*** SOURCE DATA
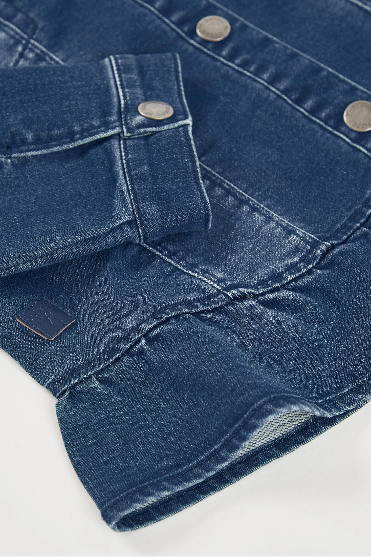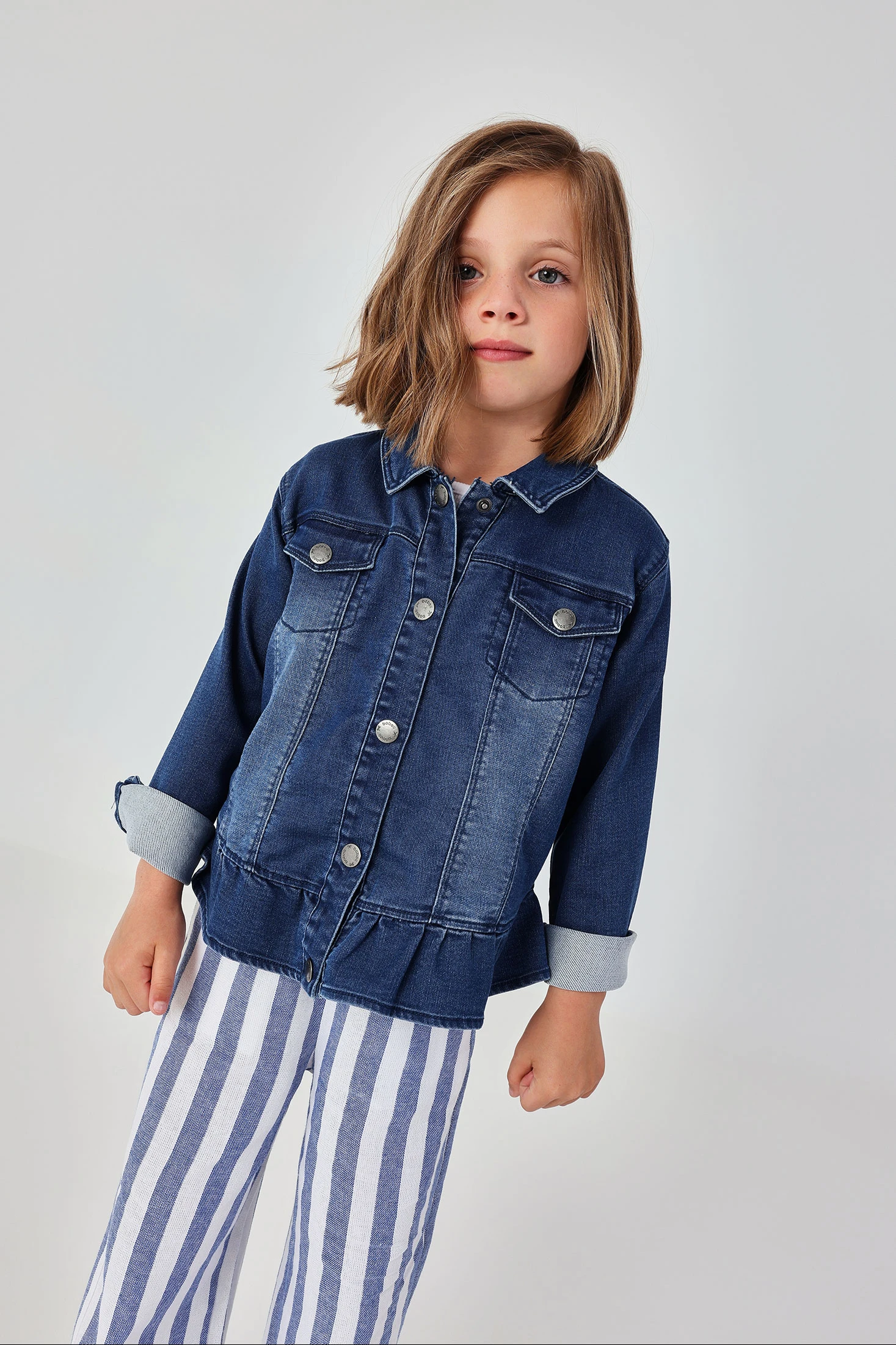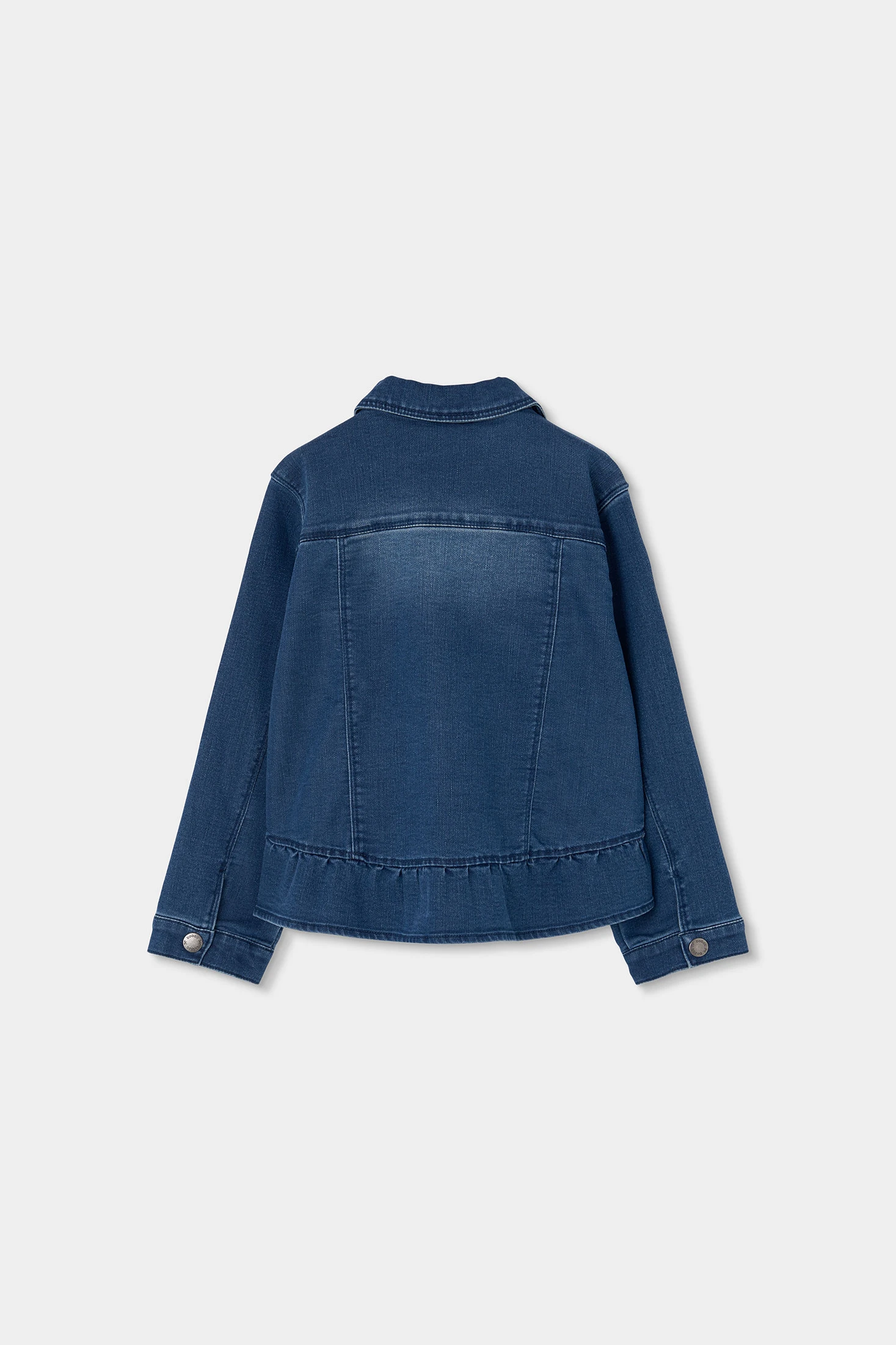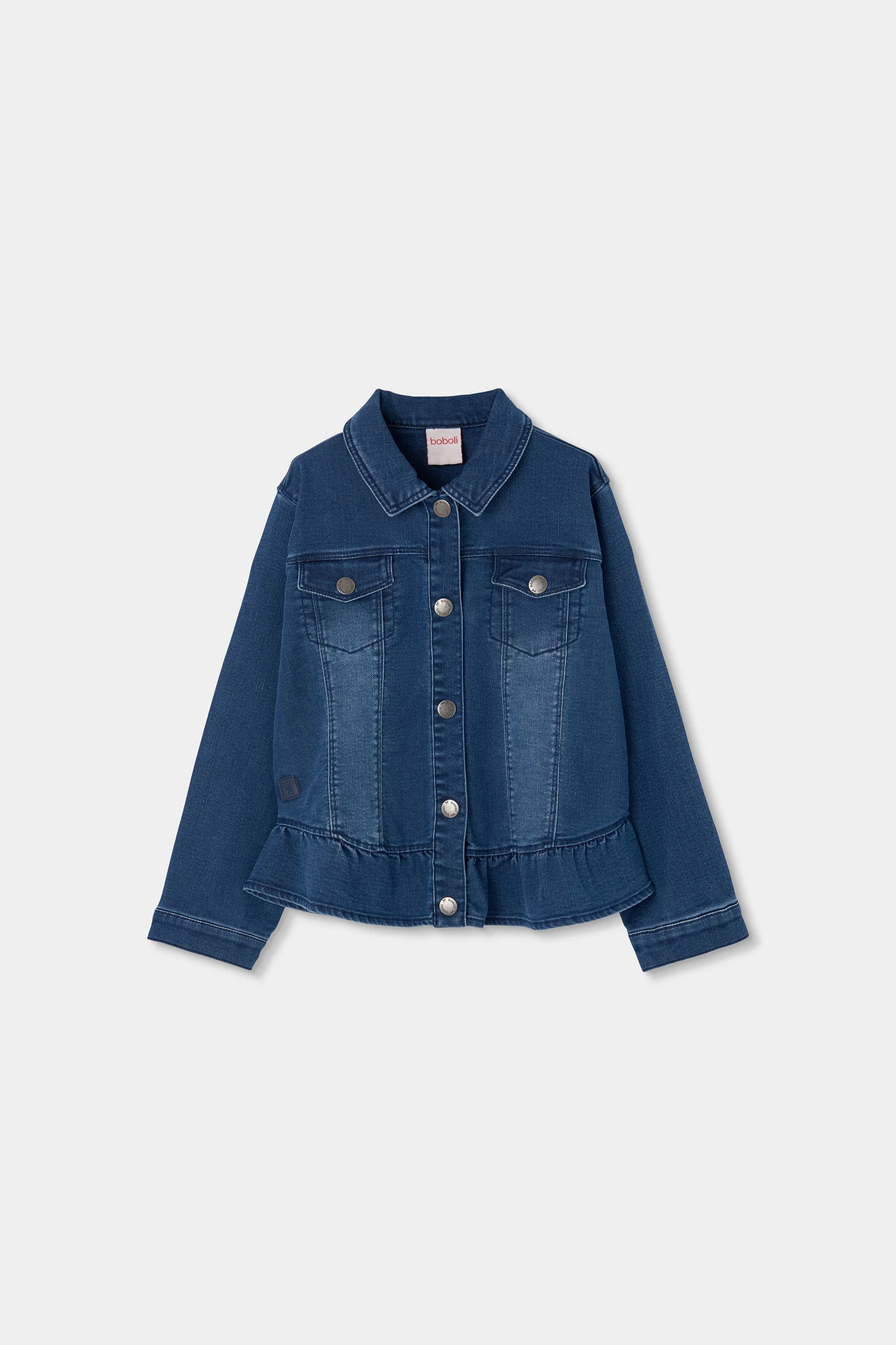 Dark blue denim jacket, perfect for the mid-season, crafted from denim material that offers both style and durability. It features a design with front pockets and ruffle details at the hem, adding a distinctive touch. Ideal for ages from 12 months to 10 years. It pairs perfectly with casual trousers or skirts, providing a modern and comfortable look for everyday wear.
******
*** SOURCE DATA
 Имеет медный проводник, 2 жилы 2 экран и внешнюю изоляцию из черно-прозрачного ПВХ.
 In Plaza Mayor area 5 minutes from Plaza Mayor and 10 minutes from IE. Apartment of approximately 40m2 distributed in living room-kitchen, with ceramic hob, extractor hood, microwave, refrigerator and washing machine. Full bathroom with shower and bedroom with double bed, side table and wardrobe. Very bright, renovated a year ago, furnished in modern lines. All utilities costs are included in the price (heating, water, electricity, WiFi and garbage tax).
******
*** SOURCE DATA
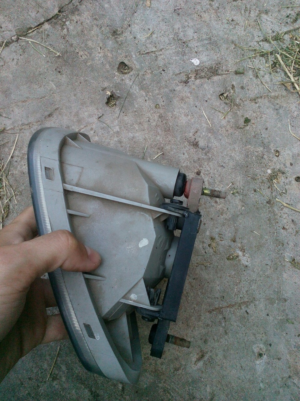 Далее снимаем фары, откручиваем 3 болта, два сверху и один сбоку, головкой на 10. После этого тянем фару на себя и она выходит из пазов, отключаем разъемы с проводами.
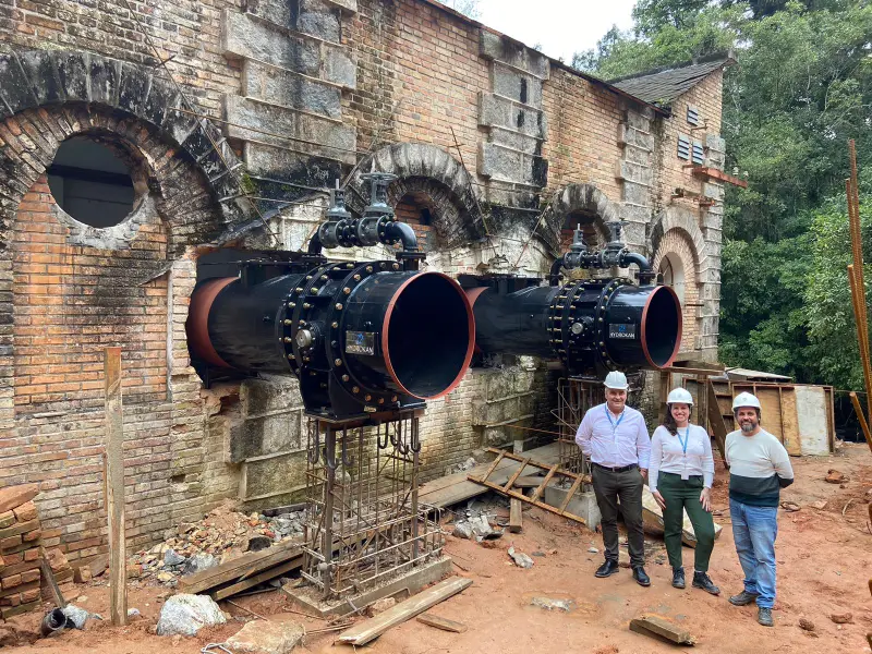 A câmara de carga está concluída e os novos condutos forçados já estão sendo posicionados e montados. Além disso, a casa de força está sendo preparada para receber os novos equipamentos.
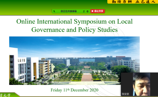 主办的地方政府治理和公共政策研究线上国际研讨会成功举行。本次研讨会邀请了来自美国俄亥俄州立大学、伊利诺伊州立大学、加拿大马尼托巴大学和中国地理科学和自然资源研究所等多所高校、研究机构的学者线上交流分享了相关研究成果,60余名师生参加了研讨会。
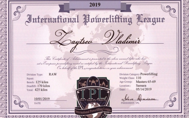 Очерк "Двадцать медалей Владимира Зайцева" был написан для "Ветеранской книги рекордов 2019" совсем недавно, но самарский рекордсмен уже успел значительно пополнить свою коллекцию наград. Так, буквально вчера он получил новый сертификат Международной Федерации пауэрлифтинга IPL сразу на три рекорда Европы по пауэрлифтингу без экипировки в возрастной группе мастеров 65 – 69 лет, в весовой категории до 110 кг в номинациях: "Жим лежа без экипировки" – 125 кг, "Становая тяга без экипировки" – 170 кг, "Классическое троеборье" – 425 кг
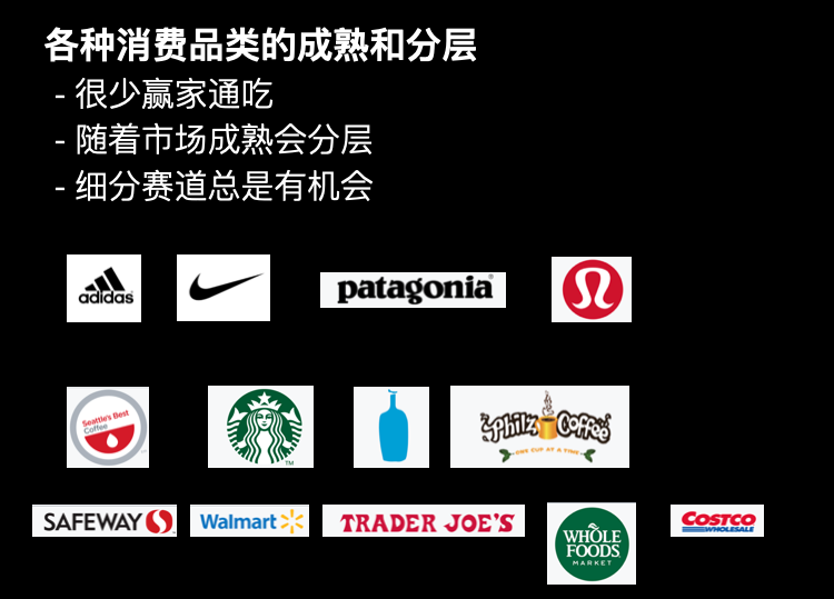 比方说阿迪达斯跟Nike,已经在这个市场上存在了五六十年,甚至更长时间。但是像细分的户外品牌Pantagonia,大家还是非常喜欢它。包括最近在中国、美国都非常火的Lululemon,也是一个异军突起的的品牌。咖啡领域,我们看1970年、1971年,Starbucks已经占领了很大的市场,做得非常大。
******
> WHAT THE EXERCISE ASKS: Above are records; write out the lines from the one with "A câmara de" down to the one with "主办的地方政府治理和公共政策", exactly, leaving the pictures out.

> TASK ANSWER:
 A câmara de carga está concluída e os novos condutos forçados já estão sendo posicionados e montados. Além disso, a casa de força está sendo preparada para receber os novos equipamentos.
 主办的地方政府治理和公共政策研究线上国际研讨会成功举行。本次研讨会邀请了来自美国俄亥俄州立大学、伊利诺伊州立大学、加拿大马尼托巴大学和中国地理科学和自然资源研究所等多所高校、研究机构的学者线上交流分享了相关研究成果,60余名师生参加了研讨会。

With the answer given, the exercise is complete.